| ASSIGNMENT |
Could you repeat the entries below exactly, but only from the line with "Cartoon Red Cardinal" through the line with "229070 62' High", and without any picture?

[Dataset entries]
------------------------------
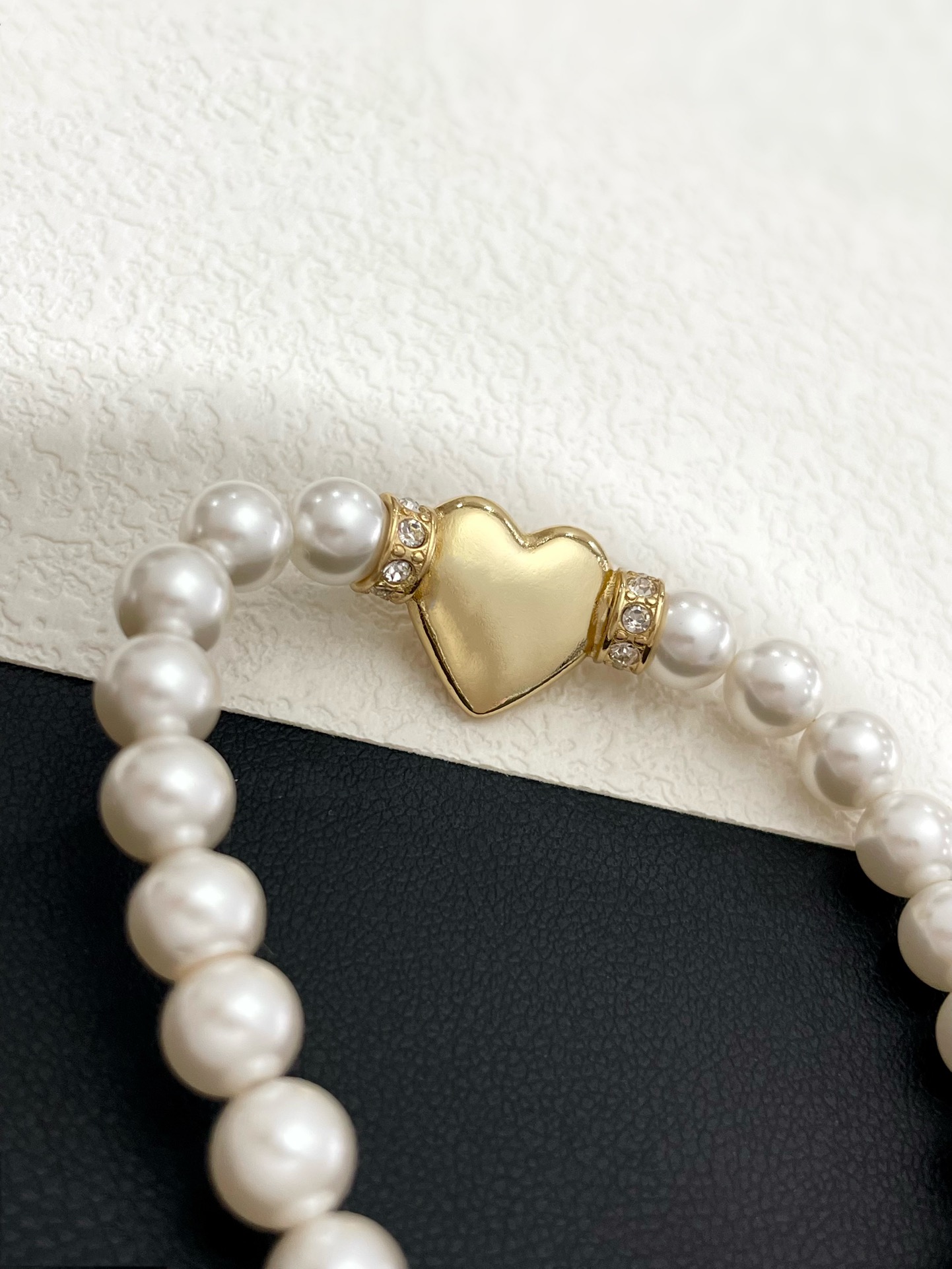 Chanel-style Gold Double C Heart Pearl Bracelet Three-dimensional vintage metal heart with pearls and crystals Gentle, exquisite, and youth-enhancing Hand-set sparkling crystals Adjustable length
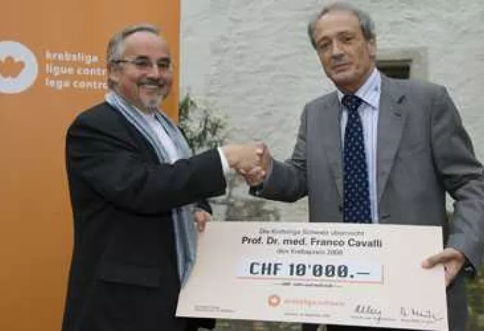 Ну, а главный приз в размере 10 000 франков достался известному исследователю в области раковых заболеваний профессору Франко Кавалли, кантон Тичино. На снимке его поздравляет президент Лиги профессор Томас Черни.
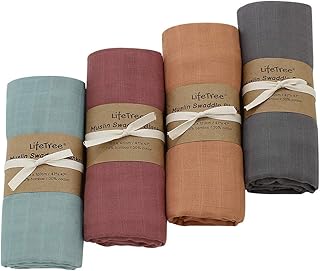 LifeTree Solide Baby Pucktücher Musselin Tuch - Große 120x120 cm Musselin Babydecken Bambus Baumwolle Swaddle Wrap, Spucktücher & Deck Kinderwagen - 4 Stück Mulltücher Baby Mullwindeln
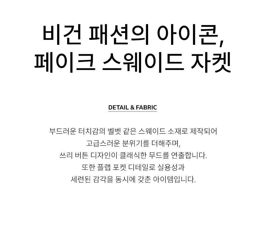 - 비건 패션의 아이콘, 페이크 스웨이드 자켓
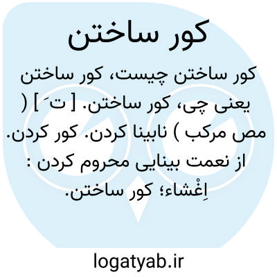 کور ساختن. [ ت َ ] ( مص مرکب ) نابینا کردن. کور کردن. از نعمت بینایی محروم کردن: اِغْشاء؛ کور ساختن. تعمیة؛ کور ساختن. ( منتهی الارب ). و رجوع به کور کردن شود.
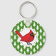Cartoon Red Cardinal on Green White Pines Pattern Keychain
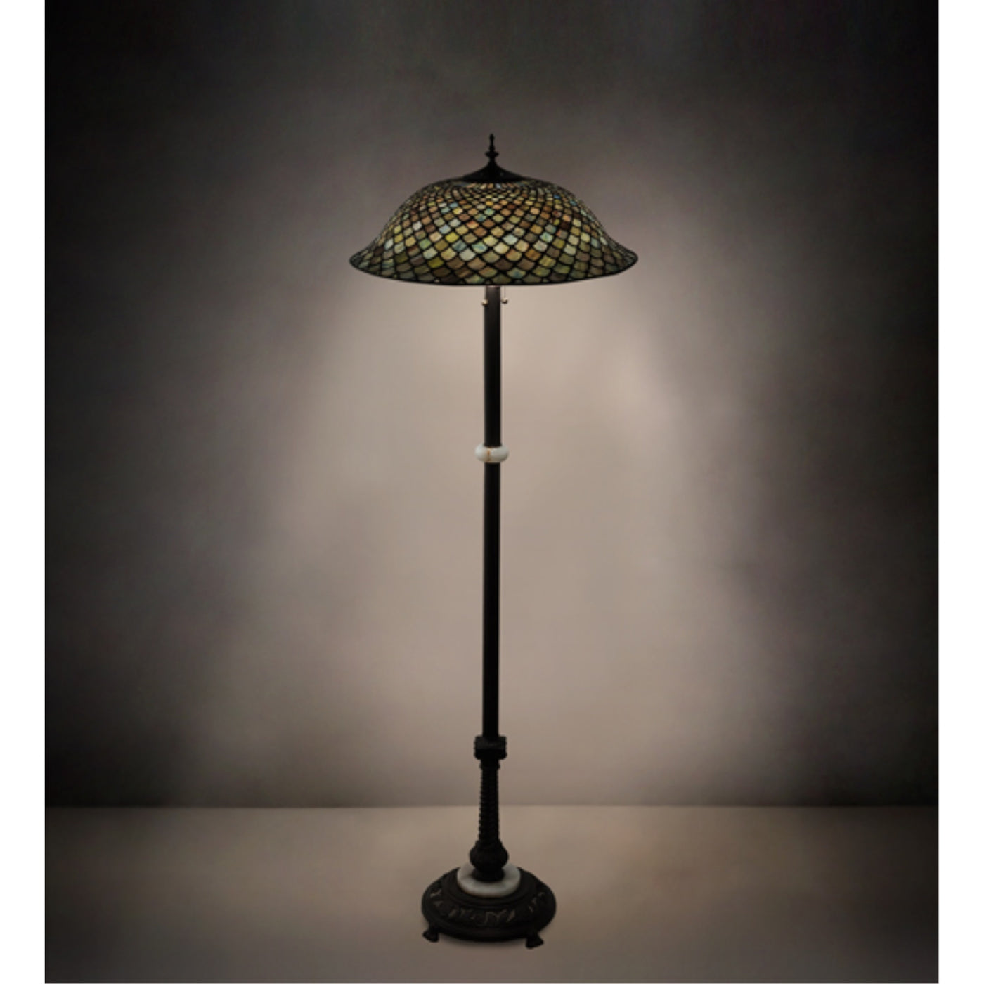 229070 62' High Tiffany Fishscale Floor Lamp Manufacturer By Meyda. A Louis Comfort Tiffany Studio Classic Fishscale Pattern Reproduced In Variegated Glass Of Honey Dripped Emerald; Sapphire; Citrine; And Garnet. This Lovely Tiffany Fishscale Shade Is Created Using The Famous Meyda Tiffany Copperfoil Construction And Enhanced With A Mahogany Bronze Finished Lamp Base. A Versatile Lamp To Complement Any Decor. Ul And Cul Listed For Dry Locations. Each Shade Is A Unique Work Of Art With Color Variations Based On Natural Ingredients Inherent In The Glass. Contact Us If Color Matching Is Critical When Ordering Multiple Items. Lens Color : Amber Glass (Not Mica);Green;Beige, Made In China
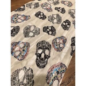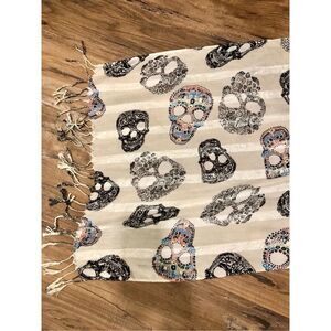 Pier 1 Sugar Skull Halloween Autumn Lightweight Tassle Scarf with Sparkle Glitte
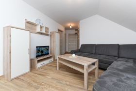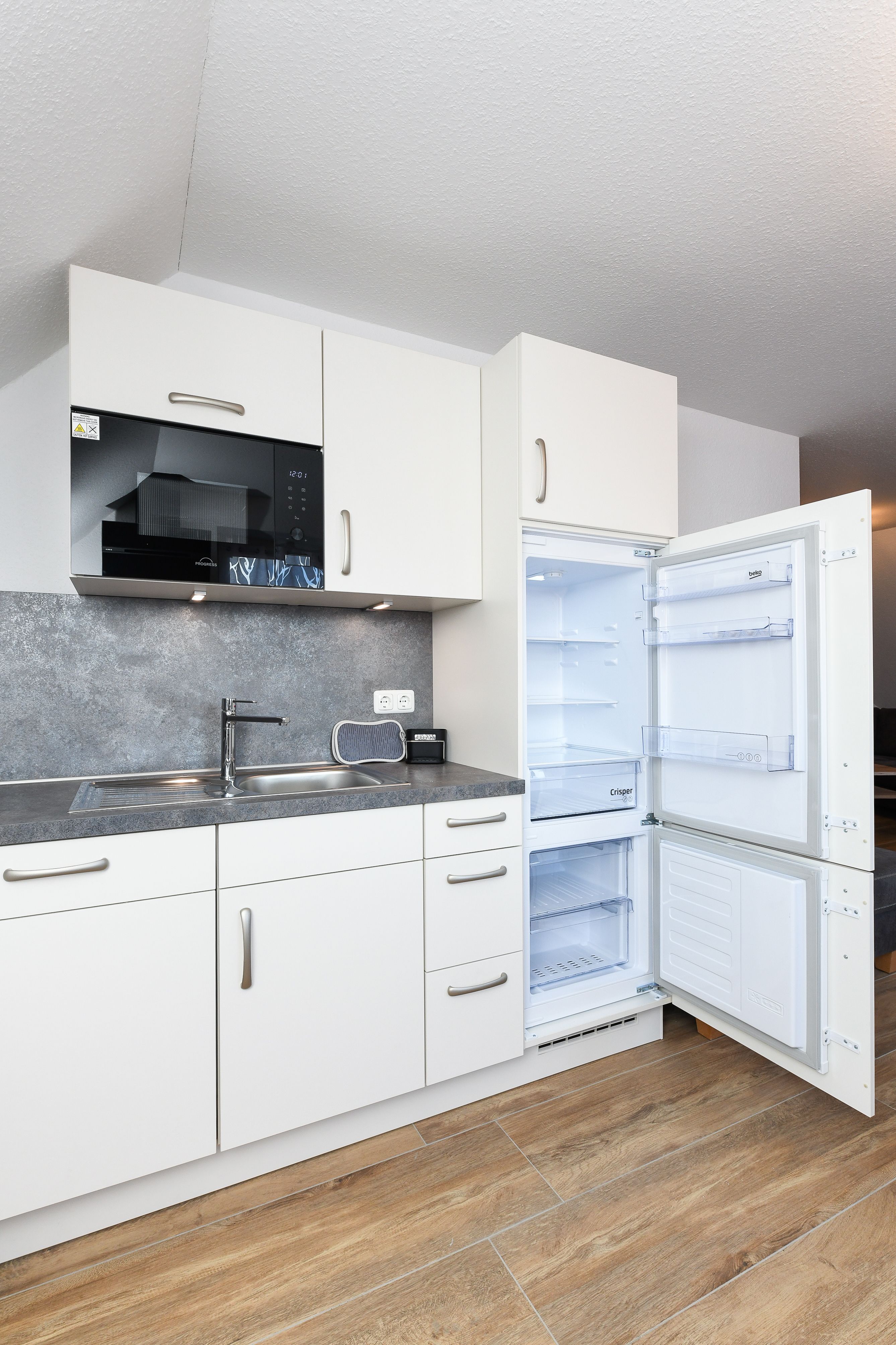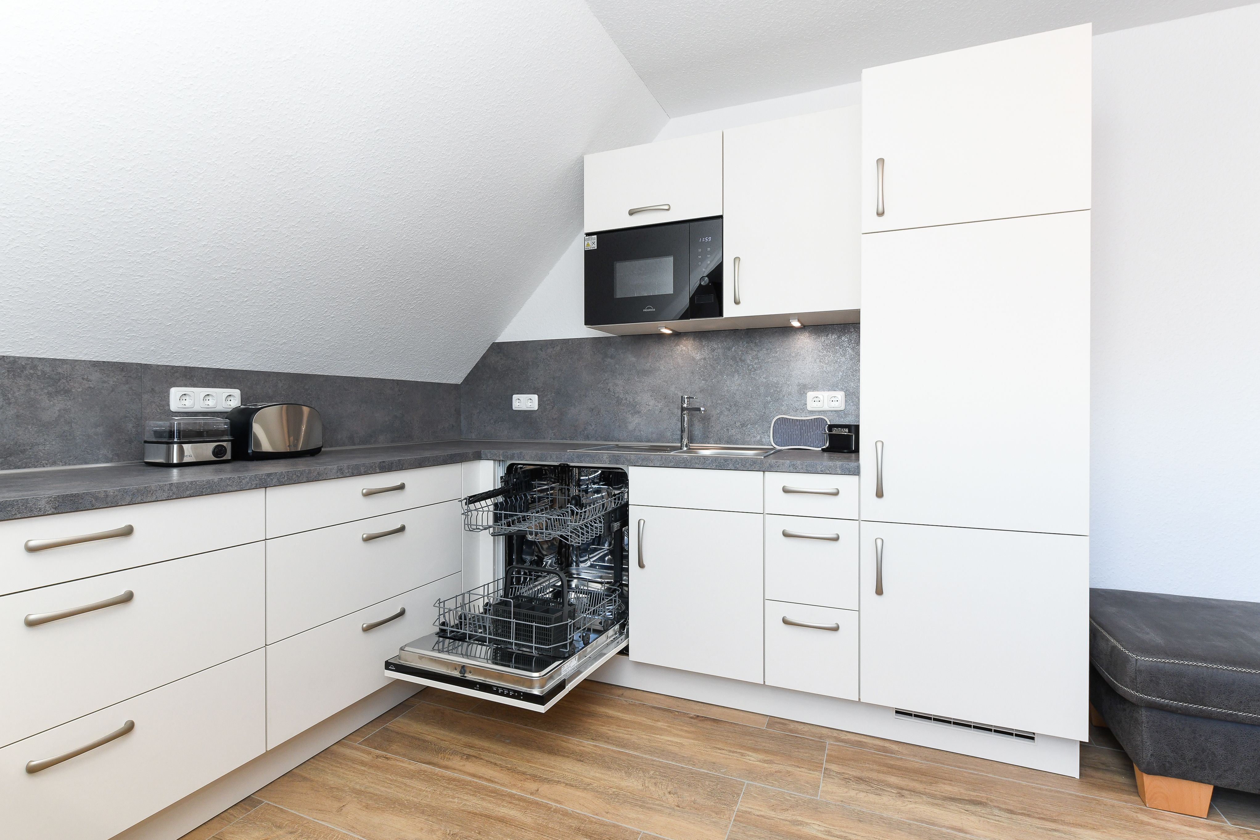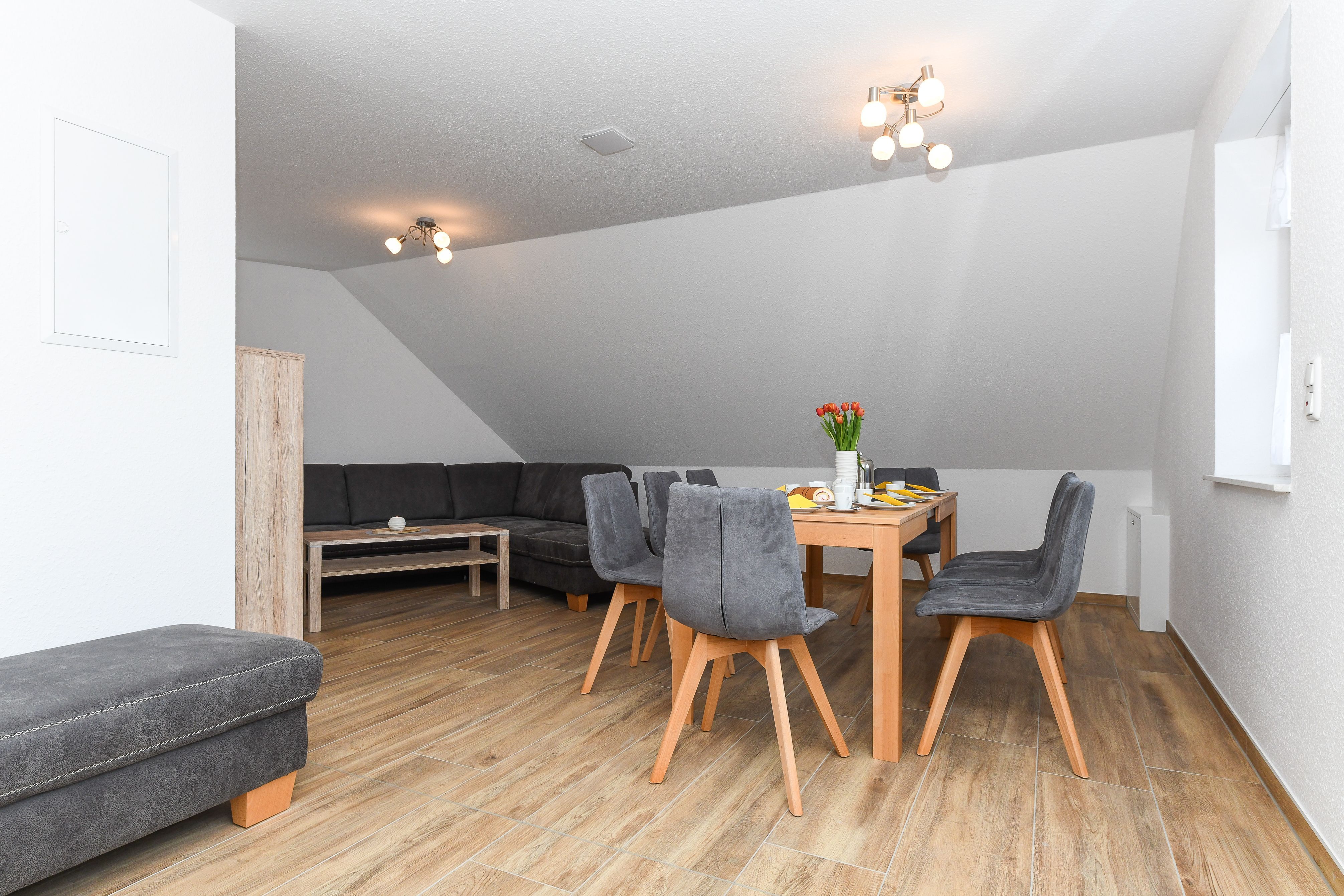 Größe ca. 60 Quadratmeter, Wohnzimmer mit integrierter Küche, Schlafzimmer, zweites separates Schlafzimmer, Badezimmer mit Dusche, Waschtisch und WC, Obergeschoss, Balkon, Hauswirtschaftsraum mit Waschmaschine und Wäschetrockner, Internetzugang über WLAN möglich, optimal für 2 bis 4 Personen und zusätzlich ein Kleinkind.
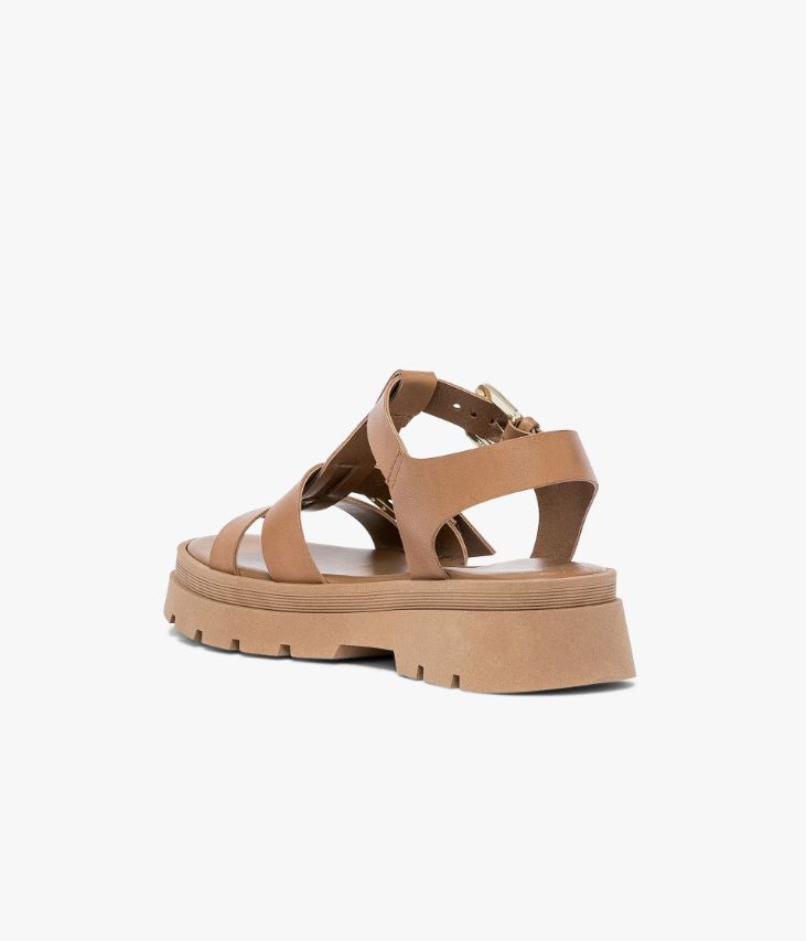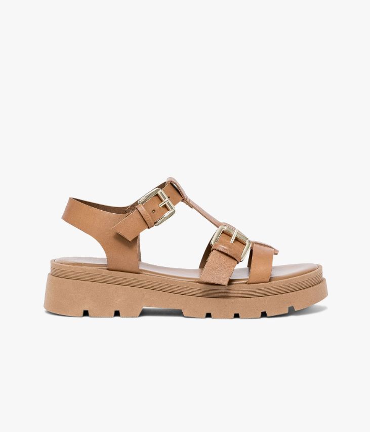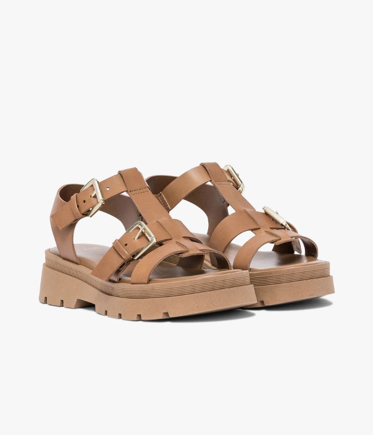 Sandale en cuir cognac sur épaisse semelle crantée. Une sandale cognac en cuir lisse qui vous garantit confort et style toute la saison. Elle allie un dessus au style épuré avec des brides ajustables par boucles en métal doré à une épaisse semelle crantée ton sur ton empruntée aux chaussures de marche. Un nu-pied avec semelle intérieure cuir rembourrée. Talon 4,5 cm. Semelle 3 cm. Une sandale ultra confortable à porter avec l’ensemble du dressing. Ce produit est également disponible à la location.
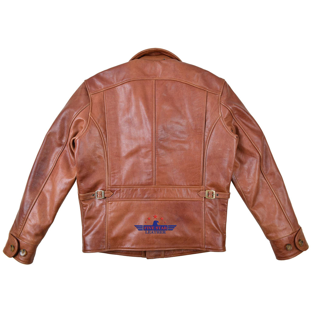 FiveStar Leather Men Custom Half Belt Leather Jacket
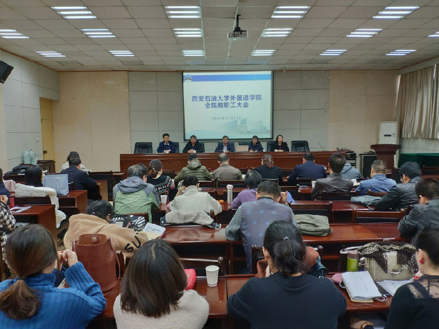 11月21日下午,外國語學院在雁塔校區第三會議室召開全院教職工大會暨師德師風專題學習會,學院全體教職工參加會議,會議由學院黨委書記蔡強主持。
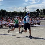 学年代表リレー(5・6年生)です。各学級から選ばれた8名ずつで競いました。バトンの受け渡しも重要です。大放課や昼放課にも練習していたクラスがありました。練習の成果が発揮できたでしょうか。両学年とも1位と2位がほぼ同着で、見ごたえがありました。
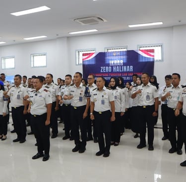 Lembaga Pemasyarakatan (Lapas) Kelas I Tangerang terus memperkuat komitmen pemberantasan handphone, pungutan liar, dan narkoba (halinar) melalui pelaksanaan Ikrar Zero Halinar yang digelar di Aula Lapas Kelas I Tangerang, Senin (20/4). Kegiatan tersebut berlangsung tertib dan diikuti seluruh jajaran petugas sebagai wujud nyata keseriusan dalam menciptakan lingkungan Pemasyarakatan yang bersih dan berintegritas.
------------------------------
| RESPONSE AREA |
Cartoon Red Cardinal on Green White Pines Pattern Keychain
 229070 62' High Tiffany Fishscale Floor Lamp Manufacturer By Meyda. A Louis Comfort Tiffany Studio Classic Fishscale Pattern Reproduced In Variegated Glass Of Honey Dripped Emerald; Sapphire; Citrine; And Garnet. This Lovely Tiffany Fishscale Shade Is Created Using The Famous Meyda Tiffany Copperfoil Construction And Enhanced With A Mahogany Bronze Finished Lamp Base. A Versatile Lamp To Complement Any Decor. Ul And Cul Listed For Dry Locations. Each Shade Is A Unique Work Of Art With Color Variations Based On Natural Ingredients Inherent In The Glass. Contact Us If Color Matching Is Critical When Ordering Multiple Items. Lens Color : Amber Glass (Not Mica);Green;Beige, Made In China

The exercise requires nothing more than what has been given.